- WORK INSTRUCTIONS -
Copy all the data exactly, except the pictures.

--- STORED DATA ---

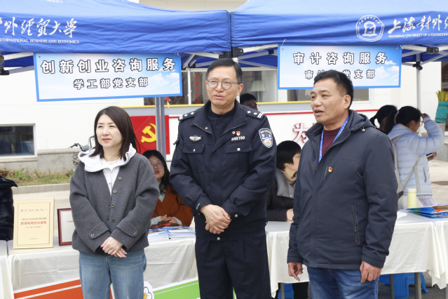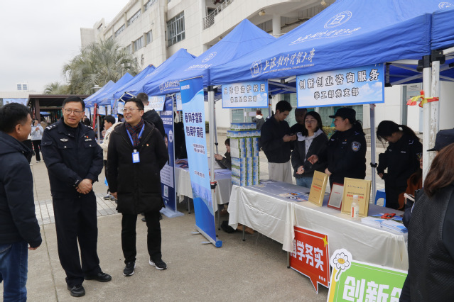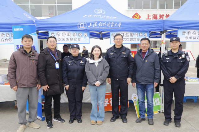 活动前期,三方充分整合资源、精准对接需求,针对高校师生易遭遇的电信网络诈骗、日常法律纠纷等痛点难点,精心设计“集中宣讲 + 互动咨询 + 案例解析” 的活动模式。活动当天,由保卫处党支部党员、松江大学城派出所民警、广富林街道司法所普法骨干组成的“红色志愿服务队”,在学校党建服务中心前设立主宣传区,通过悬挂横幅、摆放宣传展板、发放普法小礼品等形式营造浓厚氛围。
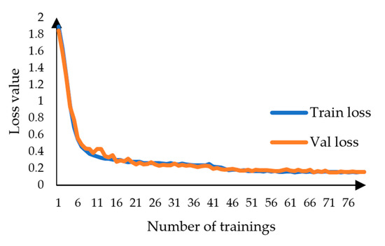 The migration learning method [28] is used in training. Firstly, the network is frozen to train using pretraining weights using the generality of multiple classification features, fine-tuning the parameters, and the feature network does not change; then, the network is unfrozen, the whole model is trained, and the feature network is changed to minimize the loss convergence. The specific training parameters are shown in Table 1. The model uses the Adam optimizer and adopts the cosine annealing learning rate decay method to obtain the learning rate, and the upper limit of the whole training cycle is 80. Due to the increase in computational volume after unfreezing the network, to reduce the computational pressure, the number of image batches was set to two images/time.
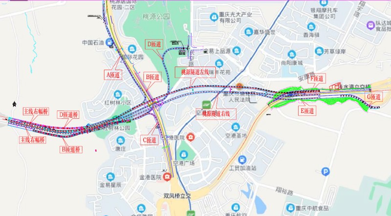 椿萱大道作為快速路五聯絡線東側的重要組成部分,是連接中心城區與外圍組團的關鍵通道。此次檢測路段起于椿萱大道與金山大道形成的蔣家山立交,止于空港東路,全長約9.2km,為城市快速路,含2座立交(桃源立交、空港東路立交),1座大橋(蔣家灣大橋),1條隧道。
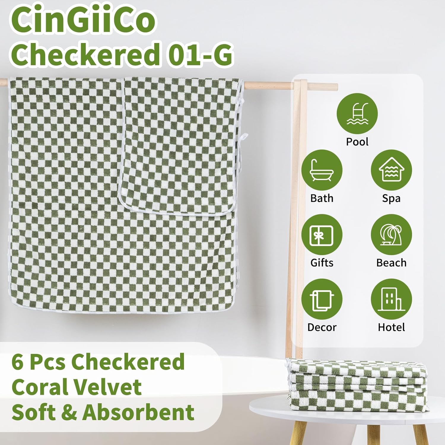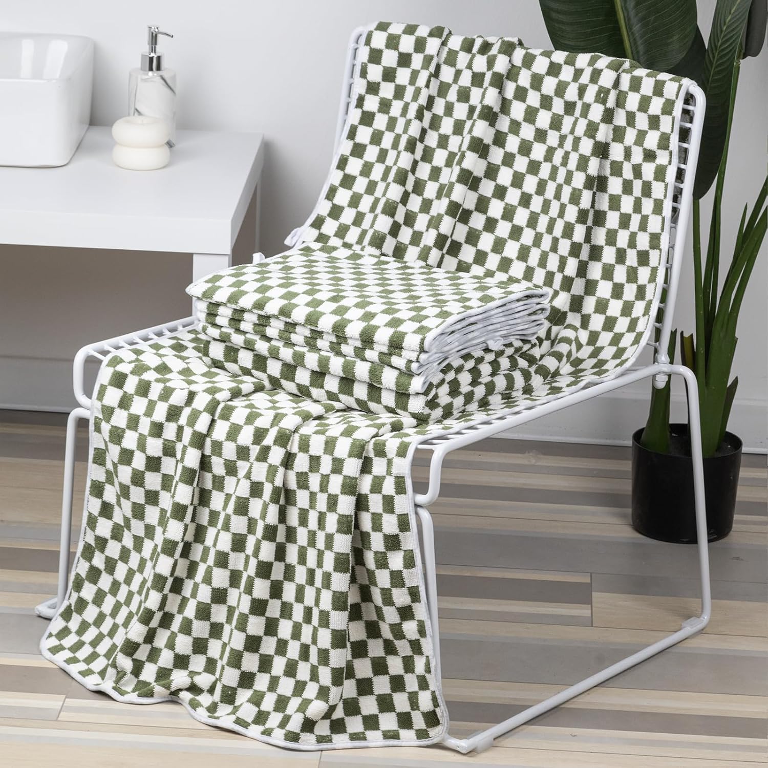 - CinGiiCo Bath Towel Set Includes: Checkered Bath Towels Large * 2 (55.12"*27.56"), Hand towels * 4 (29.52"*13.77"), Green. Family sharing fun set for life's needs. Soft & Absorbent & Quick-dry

---

- RESPONSE TO THE TASK -
 活动前期,三方充分整合资源、精准对接需求,针对高校师生易遭遇的电信网络诈骗、日常法律纠纷等痛点难点,精心设计“集中宣讲 + 互动咨询 + 案例解析” 的活动模式。活动当天,由保卫处党支部党员、松江大学城派出所民警、广富林街道司法所普法骨干组成的“红色志愿服务队”,在学校党建服务中心前设立主宣传区,通过悬挂横幅、摆放宣传展板、发放普法小礼品等形式营造浓厚氛围。
 The migration learning method [28] is used in training. Firstly, the network is frozen to train using pretraining weights using the generality of multiple classification features, fine-tuning the parameters, and the feature network does not change; then, the network is unfrozen, the whole model is trained, and the feature network is changed to minimize the loss convergence. The specific training parameters are shown in Table 1. The model uses the Adam optimizer and adopts the cosine annealing learning rate decay method to obtain the learning rate, and the upper limit of the whole training cycle is 80. Due to the increase in computational volume after unfreezing the network, to reduce the computational pressure, the number of image batches was set to two images/time.
 椿萱大道作為快速路五聯絡線東側的重要組成部分,是連接中心城區與外圍組團的關鍵通道。此次檢測路段起于椿萱大道與金山大道形成的蔣家山立交,止于空港東路,全長約9.2km,為城市快速路,含2座立交(桃源立交、空港東路立交),1座大橋(蔣家灣大橋),1條隧道。
 - CinGiiCo Bath Towel Set Includes: Checkered Bath Towels Large * 2 (55.12"*27.56"), Hand towels * 4 (29.52"*13.77"), Green. Family sharing fun set for life's needs. Soft & Absorbent & Quick-dry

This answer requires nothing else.